My professor gave me a hint that I should do it using the complement.
Best Answer
One way of looking at it is this: The number of ways is just the coefficient of $x^{20}$ in the expansion of $$(1+x+x^2+\cdots+x^7)(1+x+x^2+\cdots+x^5)(1+x+x^2+\cdots+x^{20})^{2}$$
Here, each factor represents a term in your equation (here I have written them in the same order). The powers of $x$ in the factor are the values the corresponding variable can take. I limited the last two factors to a maximum power of $20$ as all the terms are non negative.
Now, the logic behind this is that when you multiply two powers of $x$, the powers add up. The coefficient of $x^{20}$ gives the number of ways you could have multiplied various powers from each factor to get a total power of $20$. Notice that each combination of powers from each factor contributes to an increase of one in the coefficient and also represents a unique solution to your equation. Thus, the coefficient of $x^{20}$ in the binomial expansion gives the desired answer.
Each factor can be simplified by using the formulae for the sum of terms in a geometric progression.
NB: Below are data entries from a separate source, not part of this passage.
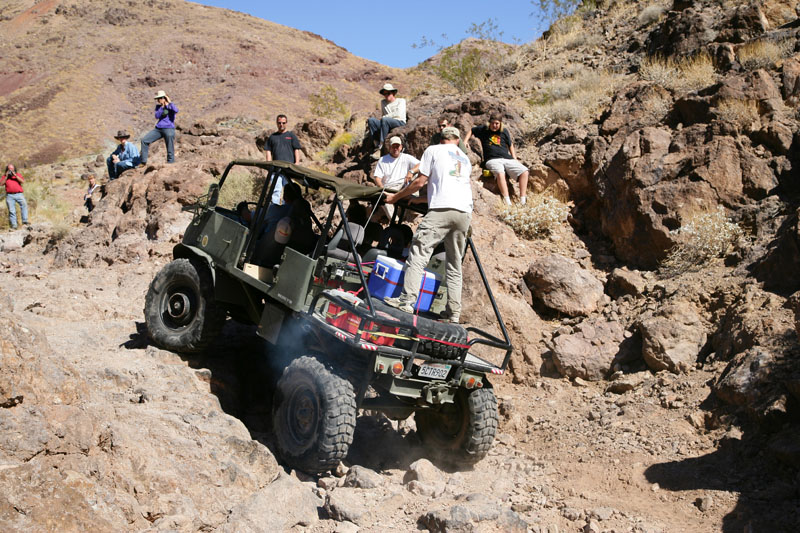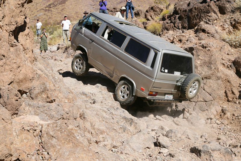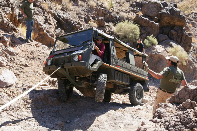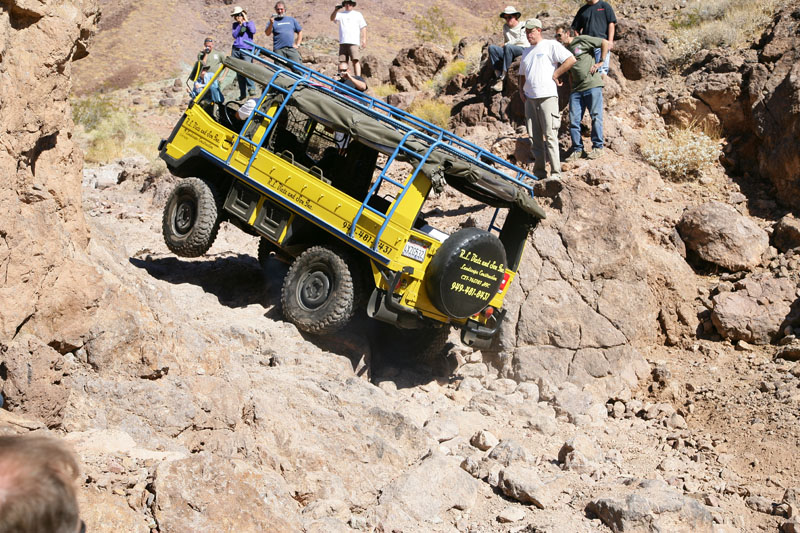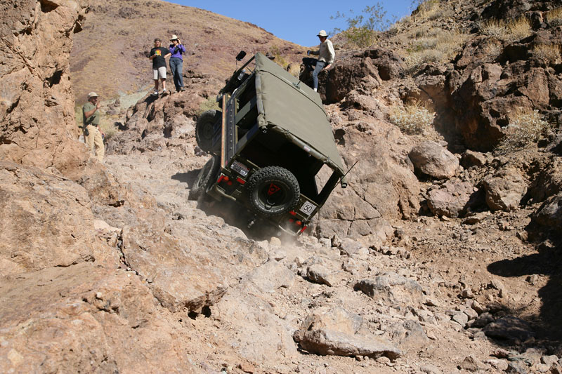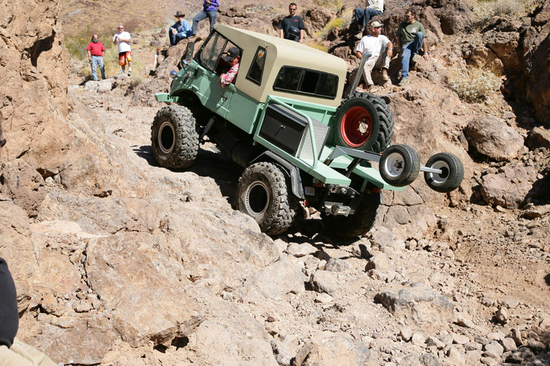 With the steep tilt angle, she tagged by rear tool box on the rock. Due to the tight quarters, this was pretty much unavoidable. All told, she did a great job negotiating this obstacle..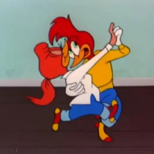 Personagem de desenho animado, pica-pau com cabelo vermelho e roupa azul, com expressão feliz e mão na parede.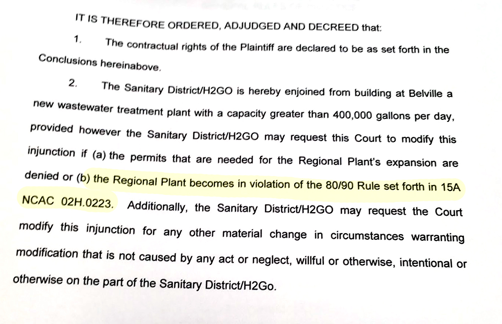 Judge Hooks’ order includes a now-relevant caveat: H2GO can request a modification to the 2010 injunction if the county’s plant violates the 80/90 rule.
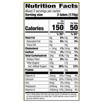 Gogurt Nutrition Facts, Ingredients, Health Benefits - TipsFu Gogurt Nutrition Facts Nutrition Facts servings per container Serving size 3.00 tubes (170g) Amount per serving Calories 150 % Daily Value* Total Fat 1g 2% Saturated Fat 0.5g 3% Trans Fat 0g Cholesterol 5mg 2% Sodium 75mg 4% Total Carbohydrate 29g 10% Dietary Fiber 0g 0% Total Sugars 22g Includes 18g Added Sugars 36% Protein 6g Vitamin D 3.3mcg 17%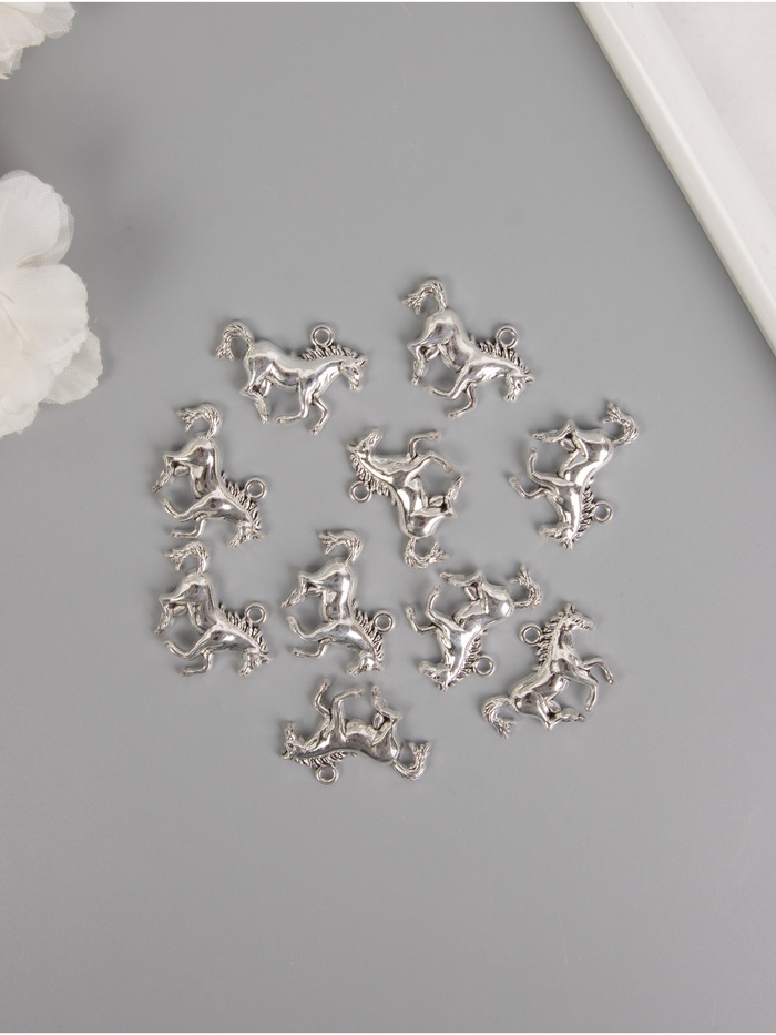 Набор декоративных элементов для творчества «Скачущий конь», металл под серебро, 10 шт., 2.2×2.9×0.4 см
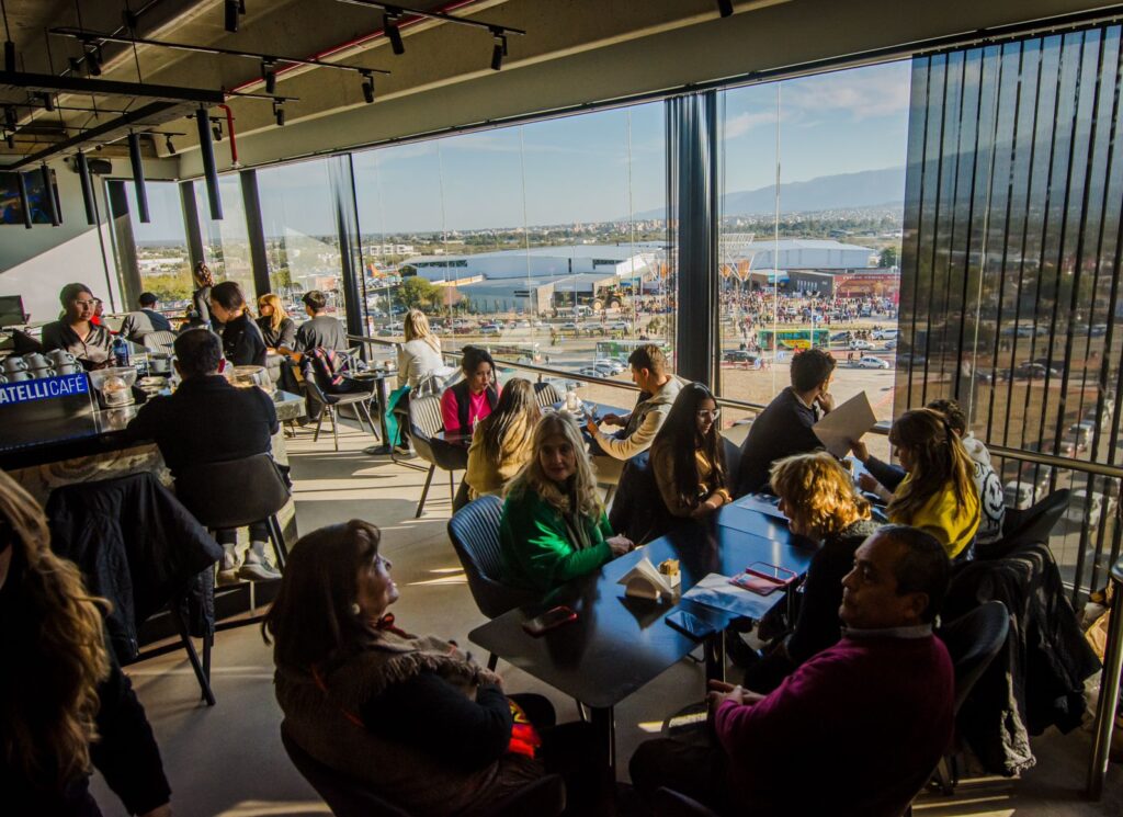 Merendar o cenar en el piso superior del Estadio Bicentenario y con una vista inmejorable: una panorámica del Predio Ferial y alrededores, con el cordón montañoso del Ambato como telón de fondo.
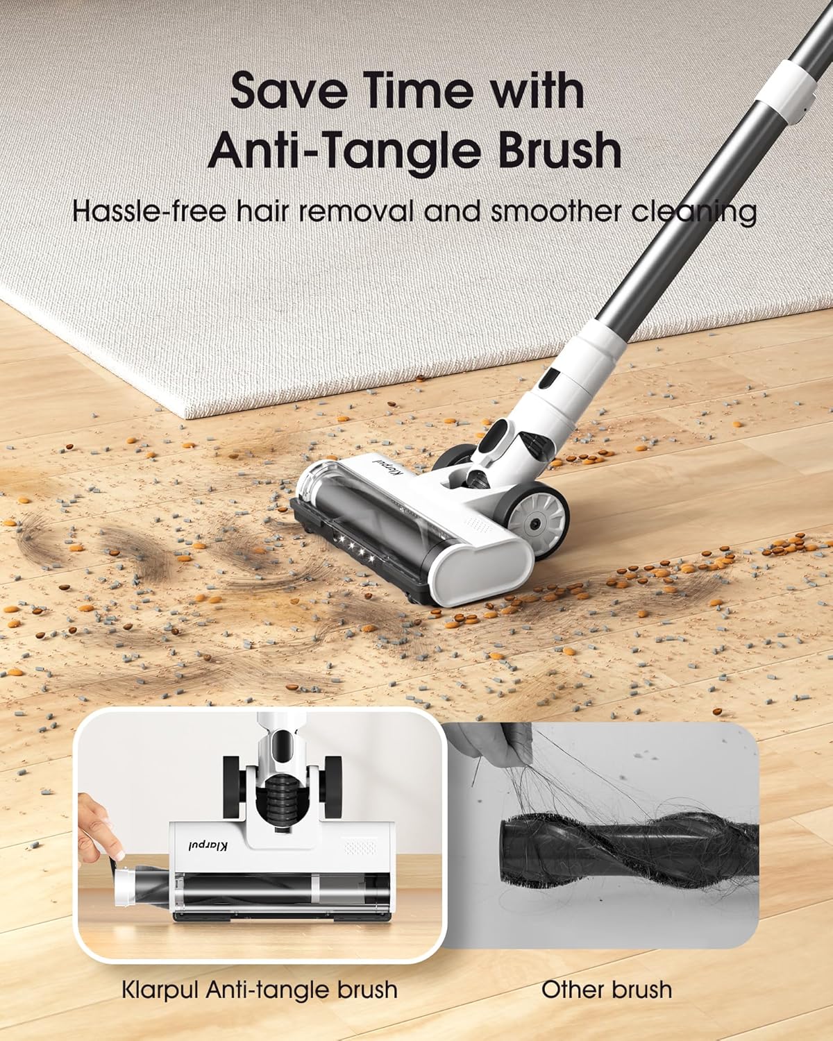 • 48Kpa Ultra-Strong Suction Power – Driven by a 580W advanced brushless motor, it delivers up to 48Kpa of ultra-strong suction, effortlessly capturing fine dust, embedded dirt, and stubborn pet hair across various floor surfaces.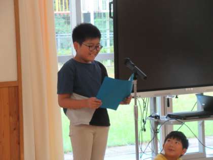 終業式では、代表の児童が1学期の頑張りを発表しました。聞いている子供たちも、自分の姿と重ねているようです。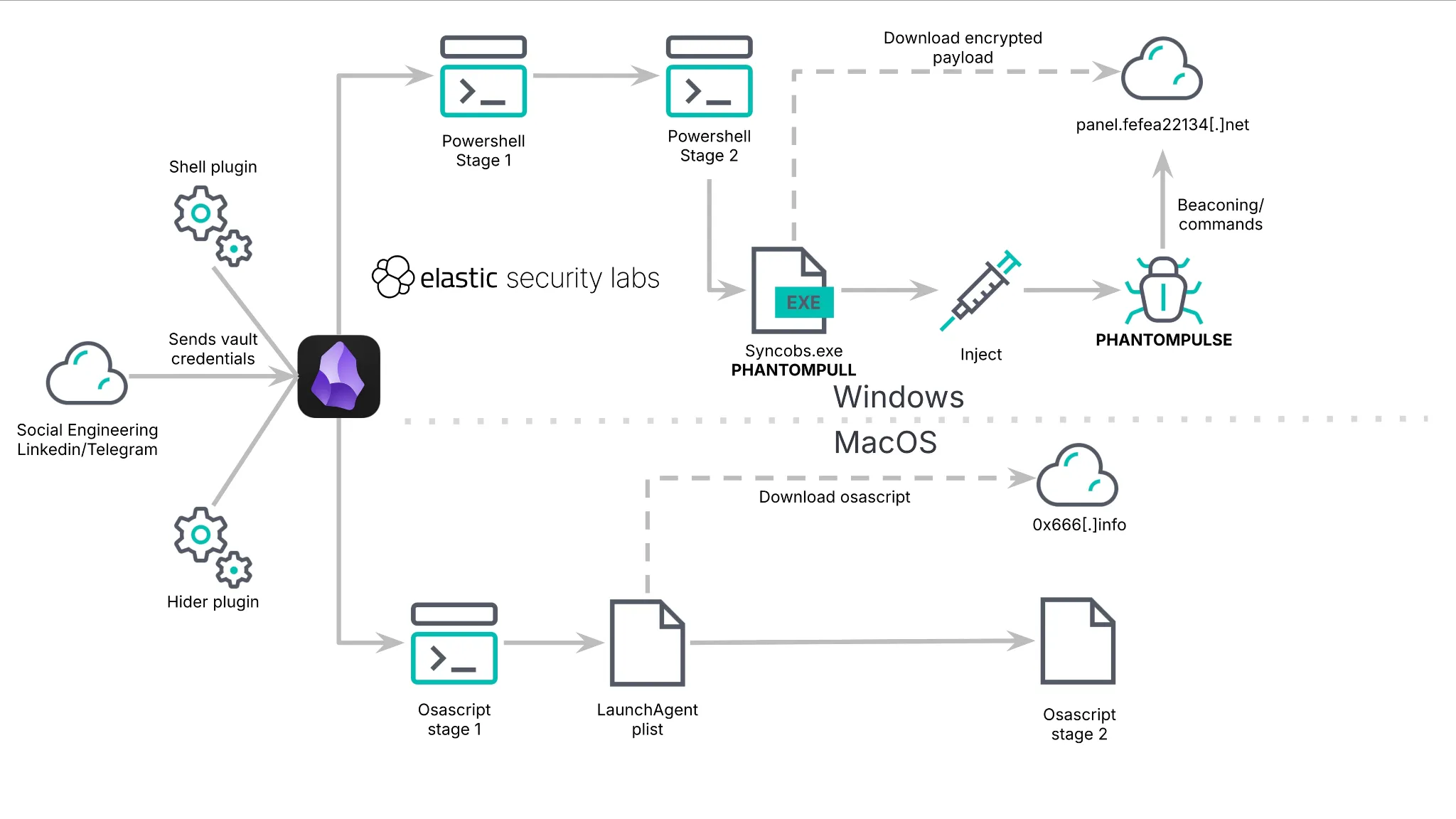 Эксперты Elastic Security Labs обнаружили кампанию, в которой мошенники используют в качестве ловушки приложение для заметок Obsidian. Конечная нагрузка вируса представлена ранее неизвестным трояном PHANTOMPULSE.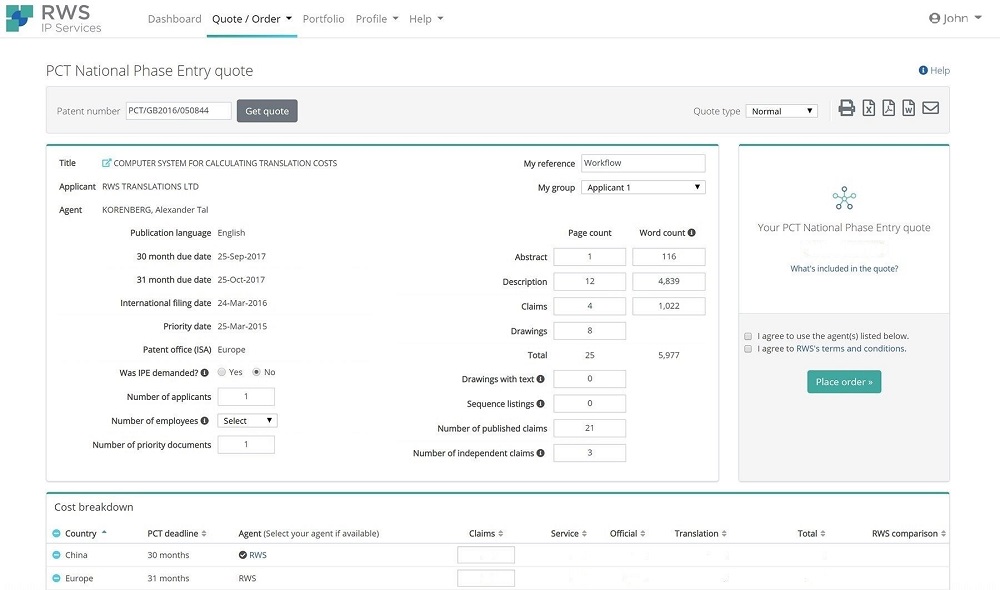 Independientemente de que seas una sola persona, un bufete de abogados o una corporación, con una o miles de patentes, nuestra plataforma de tramitación en el extranjero aumenta la eficiencia, te permite ahorrar dinero y te garantiza que cumplas con todos los plazos importantes de tramitación en el país. Si ya trabajas con representantes, RWS puede integrar sus servicios.

Then, the $(1-x)^{-n}$ terms can be expanded using the binomial expansion, after which the coefficient can be found easily.
$$(1+x+x^2+\cdots+x^7)(1+x+x^2+\cdots+x^5)(1+x+x^2+\cdots+x^{20})^{2}=\frac{(1-x^8)(1-x^6)(1-x^{21})^2}{(1-x)^4}$$
So, you need to find the coefficient of $x^{20}$ in the expansion of $$(1-x^8)(1-x^6)(1-x)^{-4}$$ The $(1-x^{21})^2$ term can be ignored, as terms with coefficient higher than $20$ are not of any concern. $$(1-x^8)(1-x^6)(1-x)^{-4}=(1-x^6-x^8+x^{14})(1+4x+10x^2+20x^3+\cdots+84x^{6}+\cdots+455x^{12}+\cdots+680x^{14}+\cdots+1771x^{20}+\cdots+\binom{n+3}{n}x^n+\cdots)$$ The coefficient is thus: $$1771-455-680+84=720$$